What you are asked to do
For the records that follow, please set down exactly the lines between the one holding "Das Öffnen des" and the one holding "また筆者がおすすめする楽しみ", inclusive, and only those.

Provided data

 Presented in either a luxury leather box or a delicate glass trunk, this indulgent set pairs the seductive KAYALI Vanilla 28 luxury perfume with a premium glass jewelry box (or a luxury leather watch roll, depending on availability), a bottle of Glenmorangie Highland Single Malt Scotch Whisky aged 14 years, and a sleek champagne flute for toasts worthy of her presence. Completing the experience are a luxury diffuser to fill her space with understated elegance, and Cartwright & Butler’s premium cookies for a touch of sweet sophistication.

==

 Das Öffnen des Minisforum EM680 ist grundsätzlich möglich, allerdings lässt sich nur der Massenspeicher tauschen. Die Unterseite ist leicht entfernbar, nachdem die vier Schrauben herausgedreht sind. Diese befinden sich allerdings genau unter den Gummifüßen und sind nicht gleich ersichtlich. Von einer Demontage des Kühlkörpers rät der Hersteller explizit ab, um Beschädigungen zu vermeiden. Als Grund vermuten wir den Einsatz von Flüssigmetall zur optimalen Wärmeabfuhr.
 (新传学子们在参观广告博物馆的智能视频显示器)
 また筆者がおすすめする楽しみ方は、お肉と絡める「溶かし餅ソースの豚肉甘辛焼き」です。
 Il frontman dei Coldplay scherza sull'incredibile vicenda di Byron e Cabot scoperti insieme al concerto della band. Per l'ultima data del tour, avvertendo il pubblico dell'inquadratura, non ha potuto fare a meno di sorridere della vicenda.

Expected output
 Das Öffnen des Minisforum EM680 ist grundsätzlich möglich, allerdings lässt sich nur der Massenspeicher tauschen. Die Unterseite ist leicht entfernbar, nachdem die vier Schrauben herausgedreht sind. Diese befinden sich allerdings genau unter den Gummifüßen und sind nicht gleich ersichtlich. Von einer Demontage des Kühlkörpers rät der Hersteller explizit ab, um Beschädigungen zu vermeiden. Als Grund vermuten wir den Einsatz von Flüssigmetall zur optimalen Wärmeabfuhr.
 (新传学子们在参观广告博物馆的智能视频显示器)
 また筆者がおすすめする楽しみ方は、お肉と絡める「溶かし餅ソースの豚肉甘辛焼き」です。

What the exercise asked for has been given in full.